Tony is not worried about beating out Hammer, but he is slightly worried about Mister Lockheed. Not because of their tech - Stark tech is better than the best, there’s no realistic completion on grounds of functionality - but because Mister Lockheed is apparently some kind of wilderness guy, and because this is all on Cheney’s say-so here.

Because Cheney is testing them. That’s actually what’s happening. That’s the subtext of this cheery little hunting jaunt. It’s not even about the tech. This is all hinging on how much of a Man Cheney thinks Tony is now. Great. Fanfuckingtastic.

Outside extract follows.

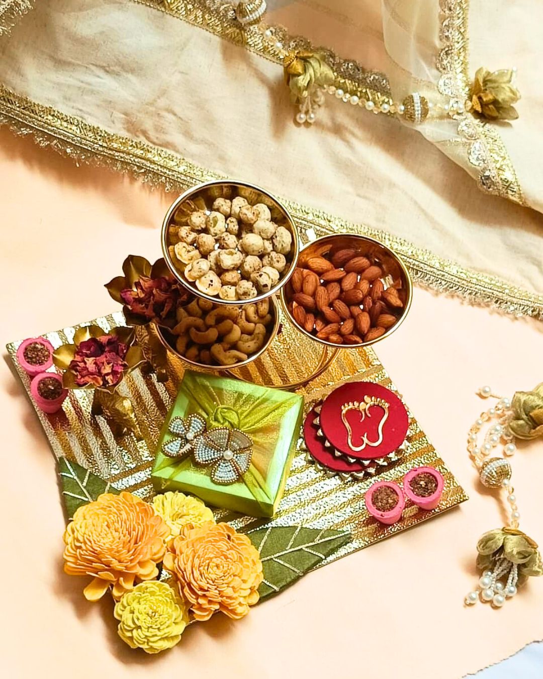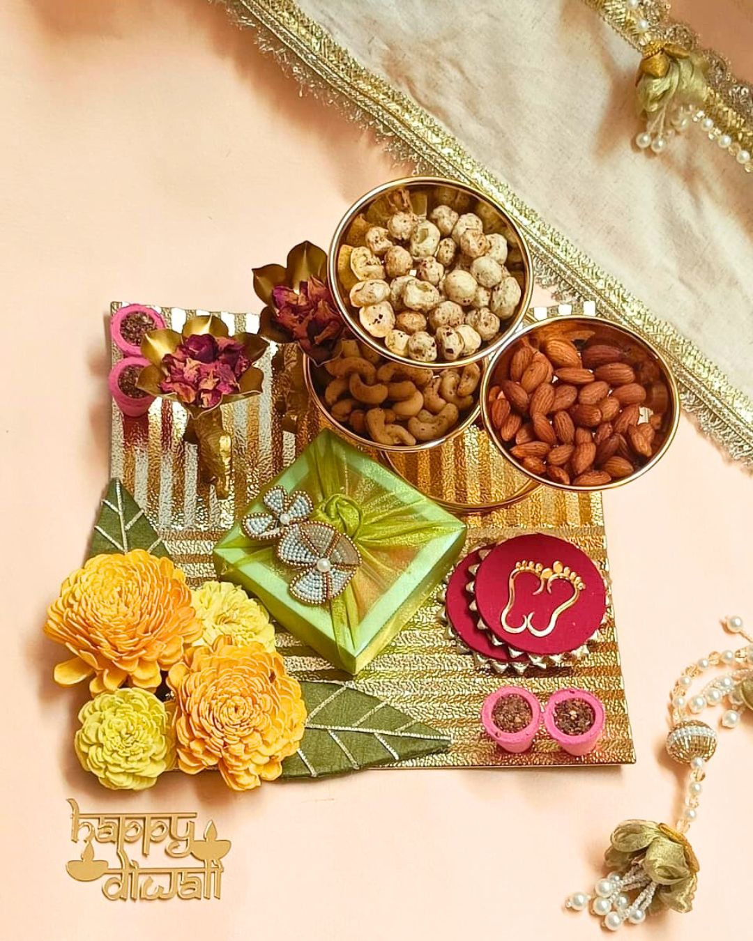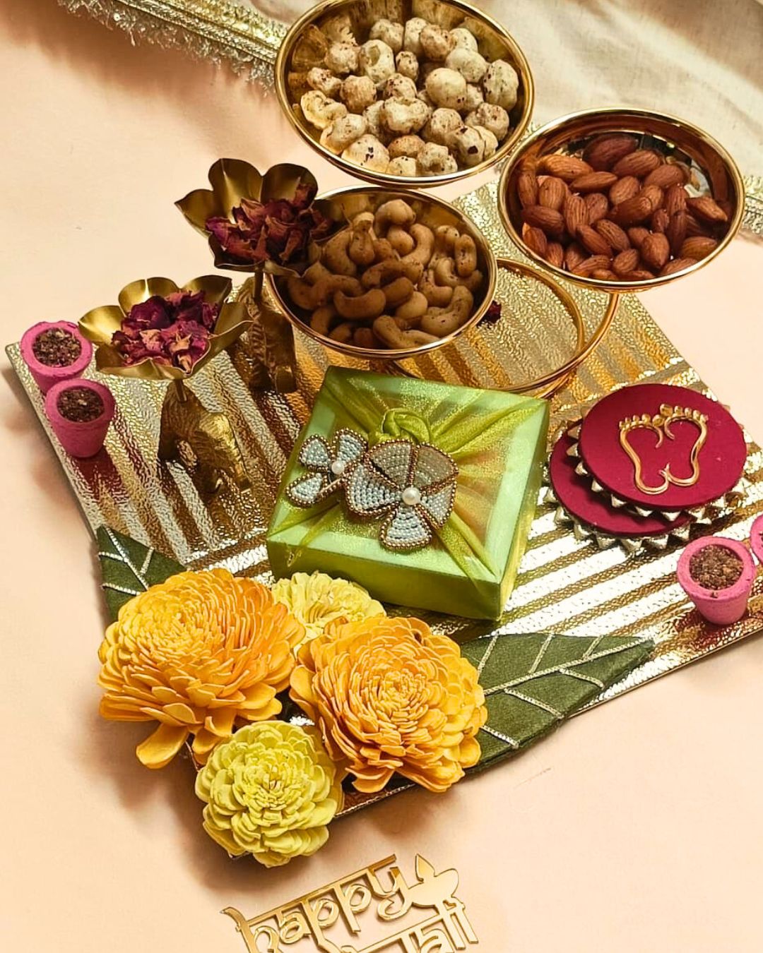 Bringing together blessings and indulgence – a dry fruit basket for health, an elephant T-light holder for prosperity, Lakshmi charan for divine grace, and hawan cups for pure positive vibes. Perfect for gifting light and love this festive season

And they’re supposed to call him Dick. Presumably because everyone here is a ballpark peer in terms of personal wealth (uh, they wish, but sure, okay, fine). And because everyone is "fine" with guns in a “kind of sort of" way, even Hammer. Like, Tony might make fun of what a pussy Hammer looks like, but the trigger etiquette is okay, stance is good, it’s more that he looks like he wishes he was wearing gloves. It’s pussyish, alright, but it’s not wrong. They’re all guys here, they’re all rich guys.  
   
And everyone is loading up on what is clearly being sold as an appropriately masculine amount of shitty domestic beer, which really maybe is the worst part of this whole thing (even the quail hunting guy got scotch), but at least it’s booze. This drinking is about “bonding”, that much is obvious. And because of this? In this precise situation? Cheney actively prefers “Dick” and is saying so.  
   
He has said this several times, actually. He is literally not shutting up about the fact that they can call him Dick. He's saying it in this weird, sinister voice, smiling but  _sort of not really_ , like when he handed Tony the beer. The whole thing is like he’s daring all of them to call him Dick and try to get away with it. They’re walking through the Wyoming scrub, drinking, dropping their empty beer cans back into the cooler, and Dick Cheney is daring them. Or possibly daring Tony specifically.  
   
Tony is trying not to think about how abjectly terrifying this is. He is trying to keep concentrated. He is trying to do banter. He is trying not to think about Clinton and that shitty birthday and how he fucked Cheney off by being better at war than him. He’s trying to get past how muddy everything is here, or about how he has a fucking hunting hat on his fucking hair and is required to faux-absently examine the grain pattern on the handle of Cheney's loaner rifle and keep his face level in a manner Cheney will not criticize. He deliberately doesn’t picture Cheney saying “go fuck yourself” before firing a shotgun directly into his face.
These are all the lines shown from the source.